Bulk delete (and restore) submissions on ODK Central using pyODK

I am sharing this in case it is useful to anyone who wants to bulk delete submissions from ODK Central leveraging the API and pyODK with the appropriate permissions to access your ODK Central instance. I'm not pretending it is well constructed, so please feel free to pimp my script!

And maybe share examples of other criteria you have used to identify submissions for deletion.

NOTE: You need to be running ODK Central v2024.2 or later for this functionality to work.

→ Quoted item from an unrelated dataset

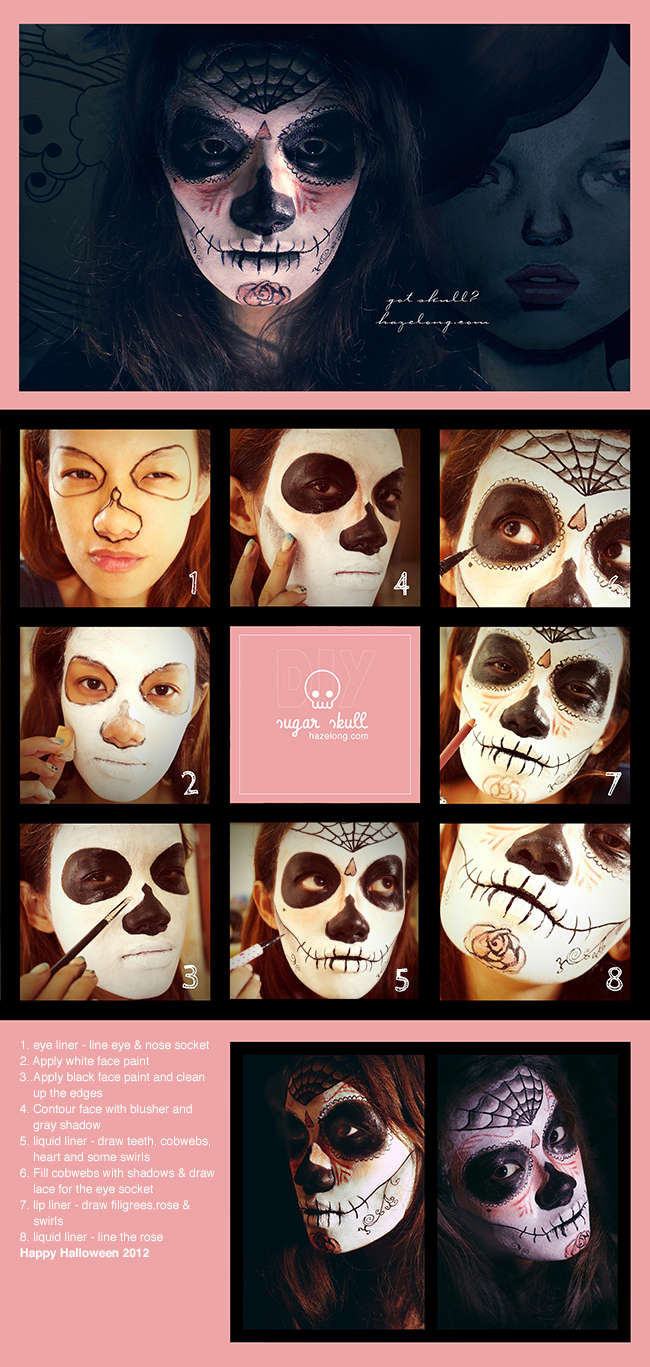 - Contour face with blusher and gray shadow. White face paint can really make your face look flat so we are going to do some contouring here. Use bronzers or blushers on the side of your nose and below the eye sockets. Give your cheek a sunken skull look with grey shadow.

And I'm assuming you have pyODK set up - I use Jupyter Lab

Summary
The script loads the submissions from a Project / Form into a dataframe and then uses criteria to filter those submissions for deletion. In this case I've chosen a cut-off date (so anything older than a particular date is deleted), but you could delete rejected submissions using the same principle.

The script iterates through the dataframe and if it finds and deletes a submission (i.e. Response = 200) it changes the field __system.status to deleted and exports the dataframe to csv as an audit log.

This will also delete the attachments associated with the submission (so it opens the door to reducing the database footprint)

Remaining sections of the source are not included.